Task prompt
Restate the data below word for word, omitting pictures.

[Data records]

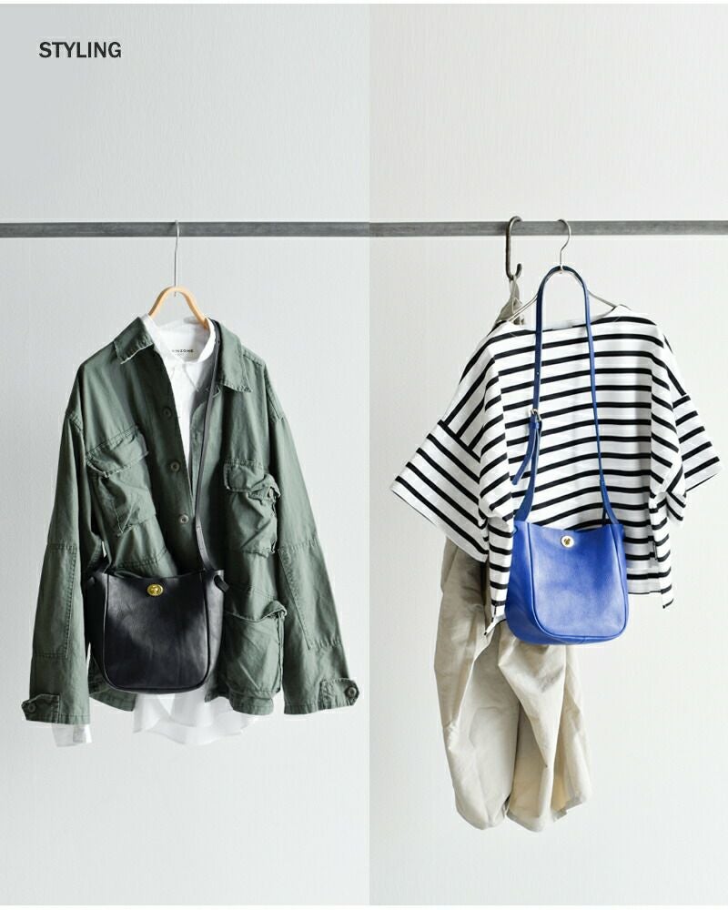 しっかりと長さのあるショルダーベルトで、肩掛けも斜めがけも可能。スタイリングに対して野暮ったくならないよう、丁度良い長さに調節できるのが嬉しいですね。
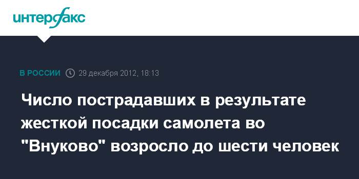 Число пострадавших в результате жесткой посадки самолета во "Внуково" возросло до шести человек
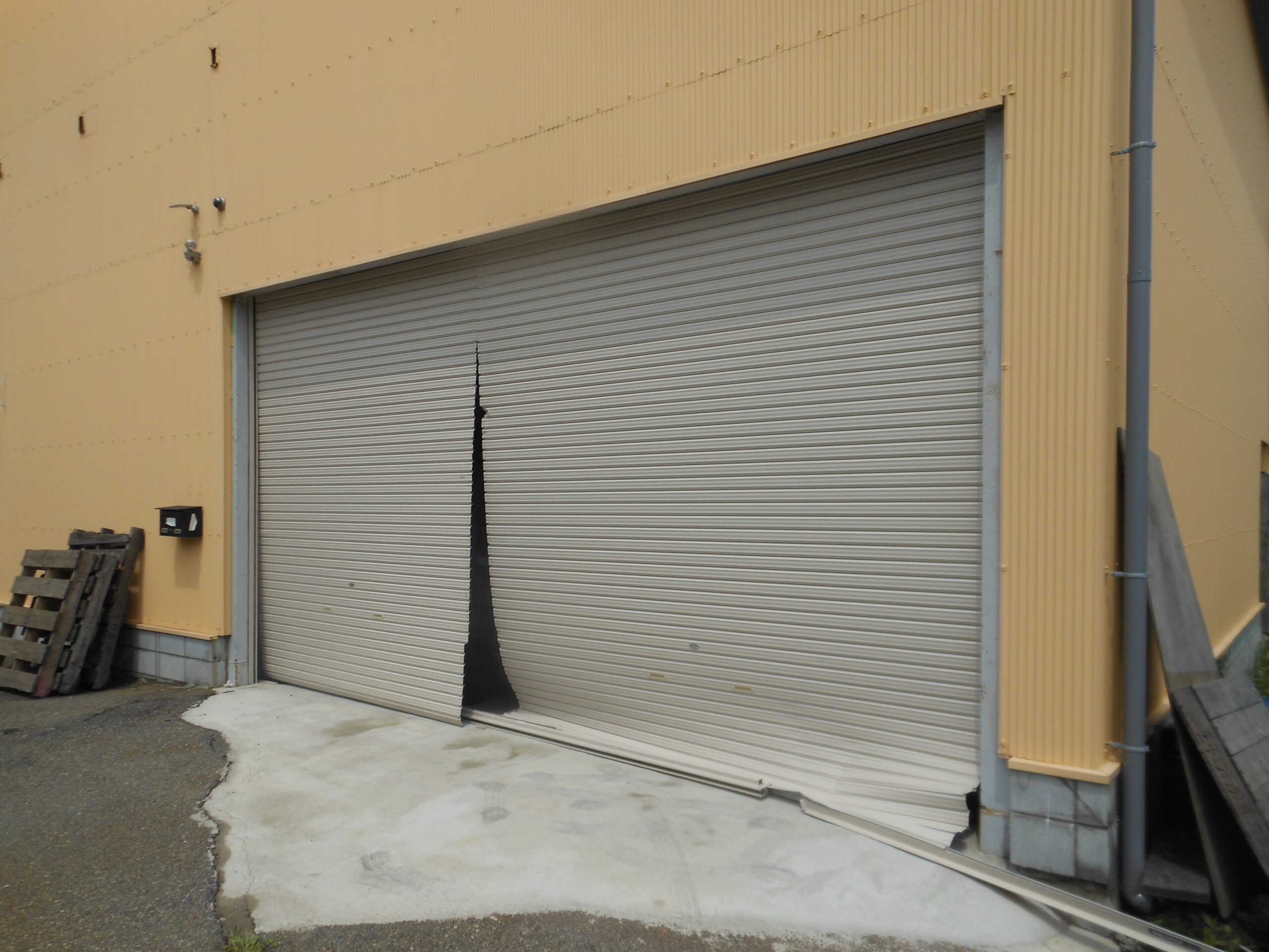 スラットを至急復旧しシャッターも開閉できるようになりました
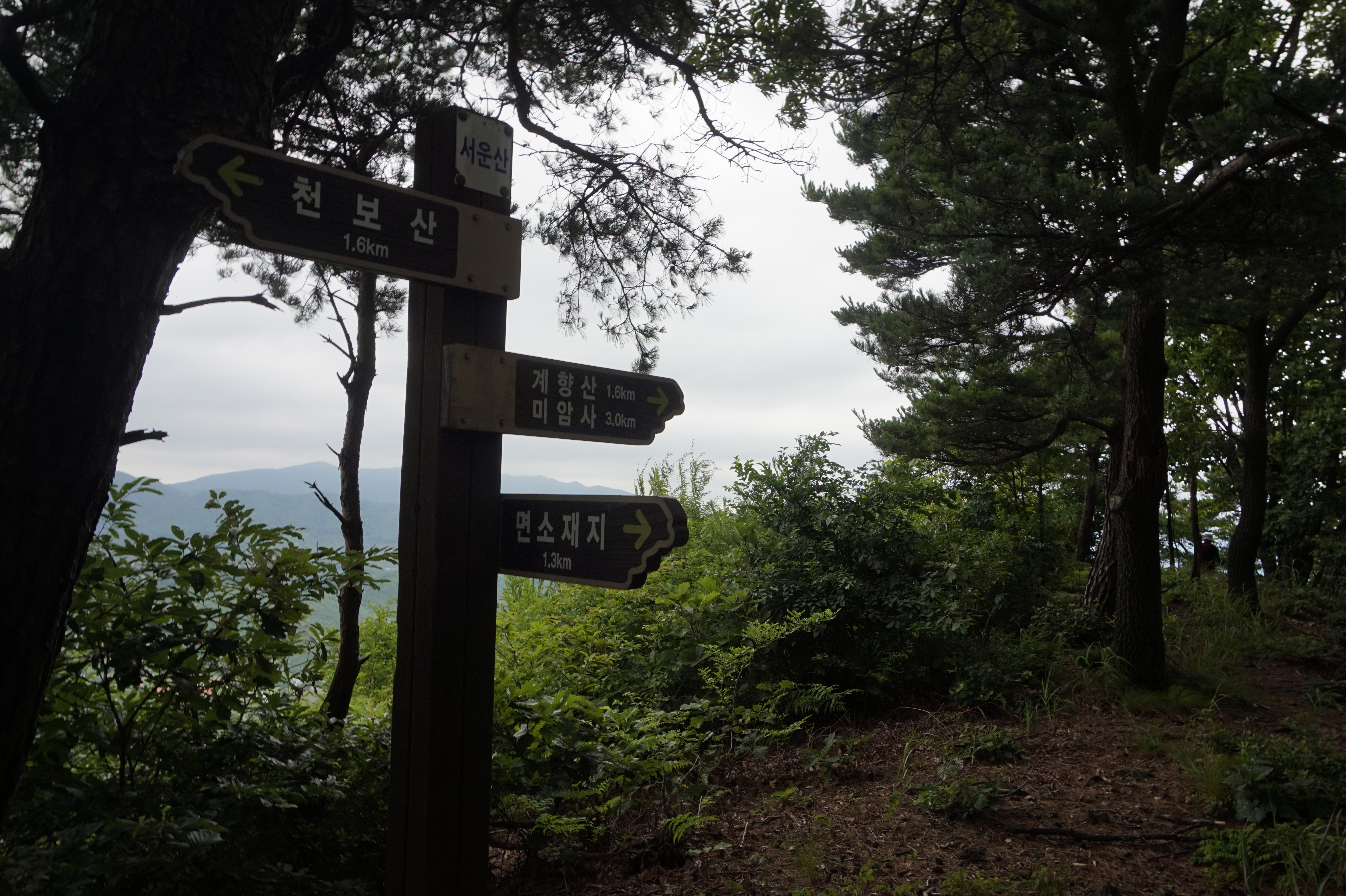 산행코스 : 금지리 - 배나무골 - 삼거리 - 천보산(왕복) - 서운산 - 임도 이정표 - 계향산 - 임도 - 미암사 (약 9키로)
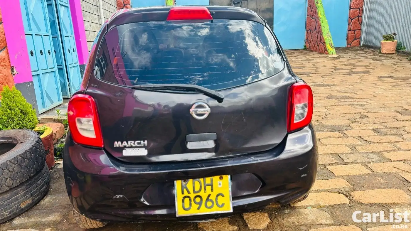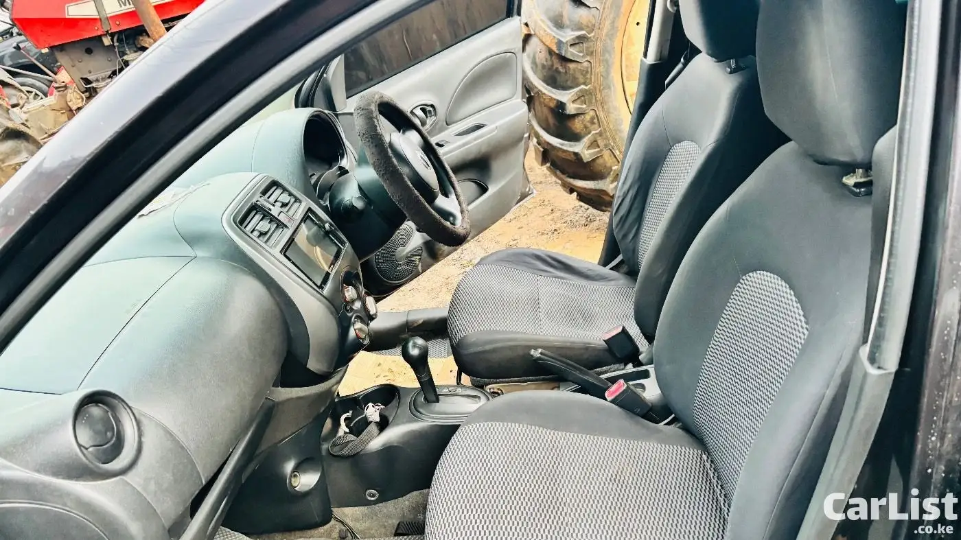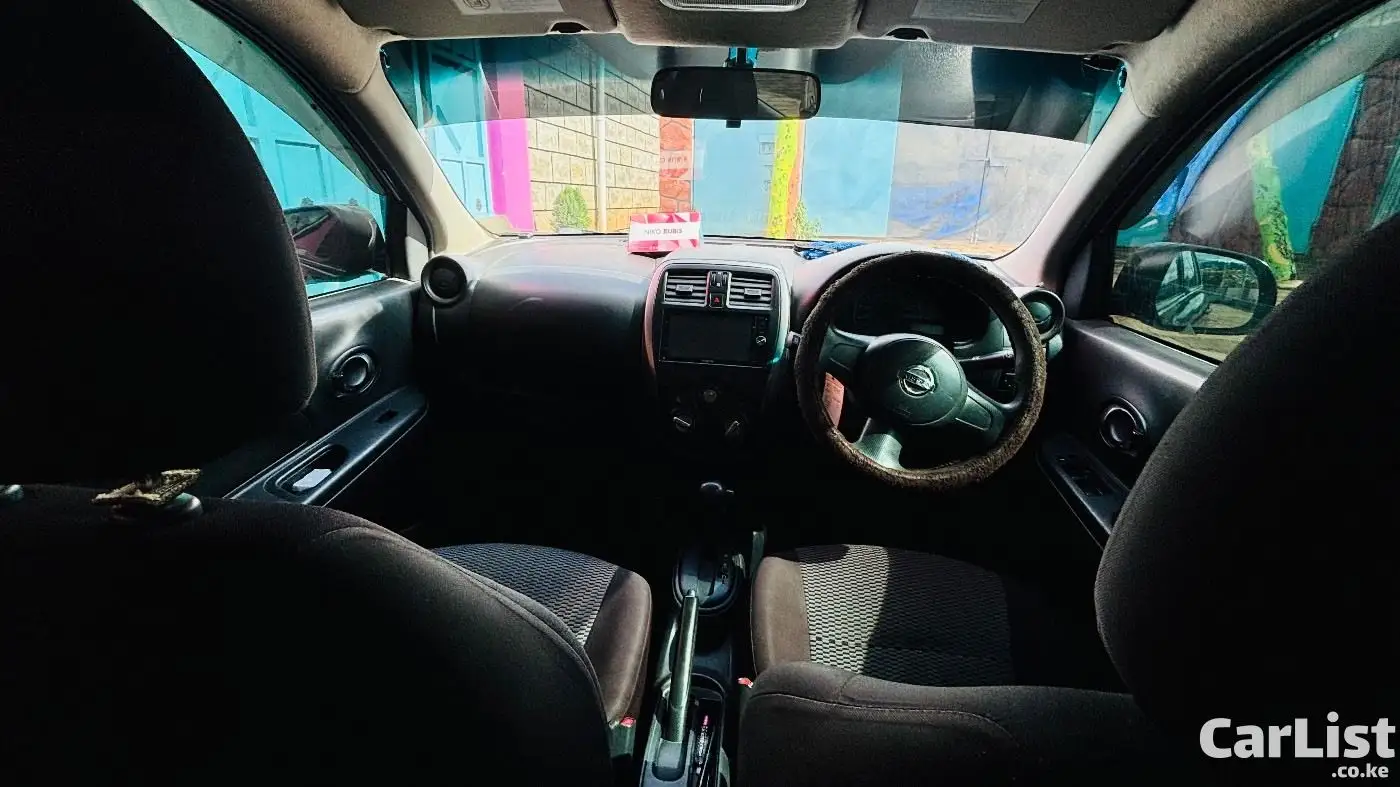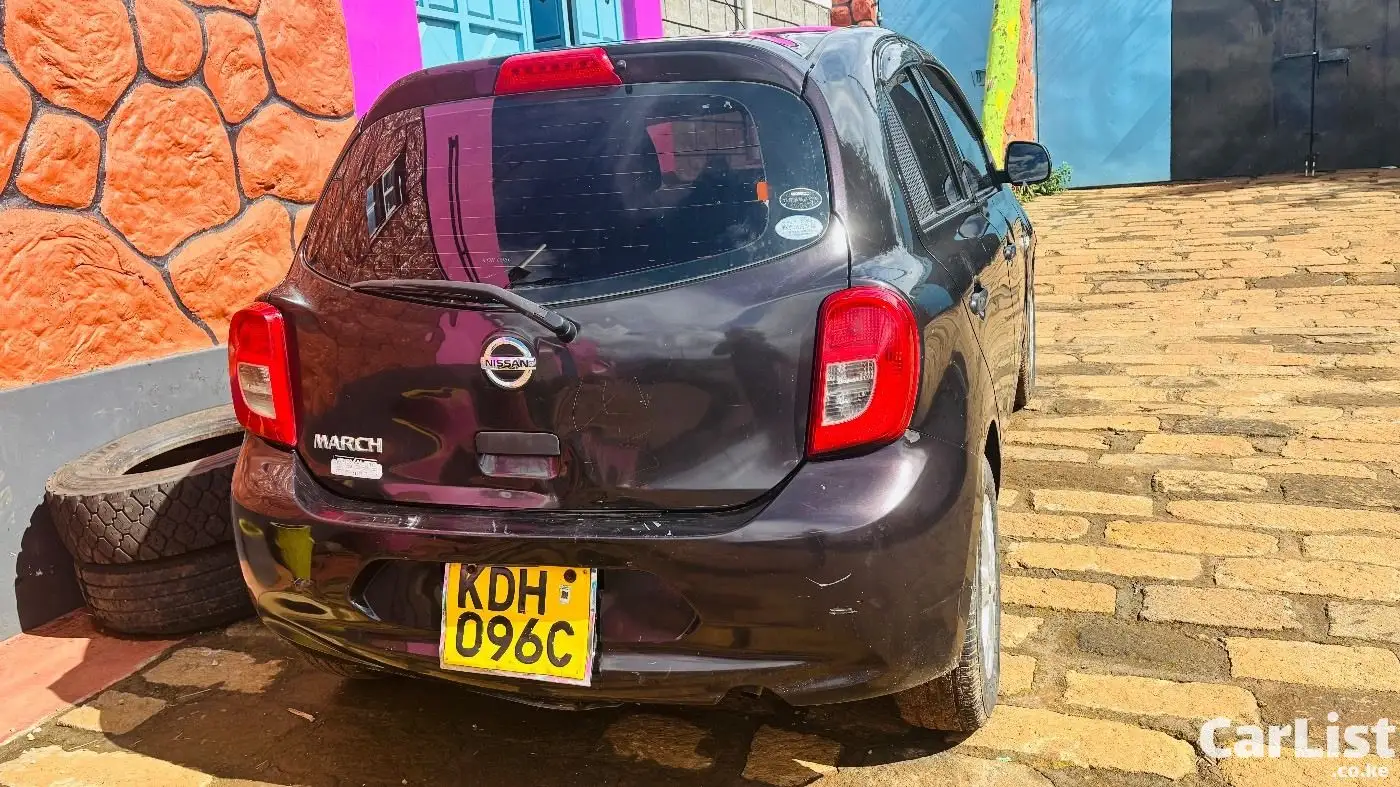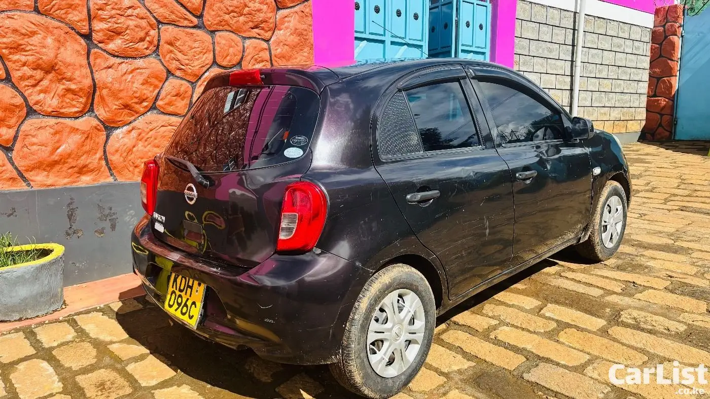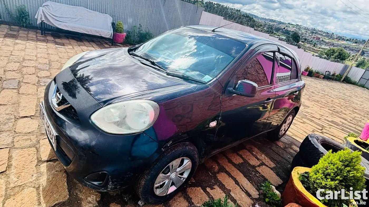 Nissan March 2015 (K13), 1200cc automatic, dark purple (appears black). Well maintained, fuel efficient, ideal for daily use. Features include ABS, 2 airbags, power windows, electric mirrors, Kenwood screen, central locking. Good condition with minor scratches.

[/Data records]

Response area
 しっかりと長さのあるショルダーベルトで、肩掛けも斜めがけも可能。スタイリングに対して野暮ったくならないよう、丁度良い長さに調節できるのが嬉しいですね。
 Число пострадавших в результате жесткой посадки самолета во "Внуково" возросло до шести человек
 スラットを至急復旧しシャッターも開閉できるようになりました
 산행코스 : 금지리 - 배나무골 - 삼거리 - 천보산(왕복) - 서운산 - 임도 이정표 - 계향산 - 임도 - 미암사 (약 9키로)
 Nissan March 2015 (K13), 1200cc automatic, dark purple (appears black). Well maintained, fuel efficient, ideal for daily use. Features include ABS, 2 airbags, power windows, electric mirrors, Kenwood screen, central locking. Good condition with minor scratches.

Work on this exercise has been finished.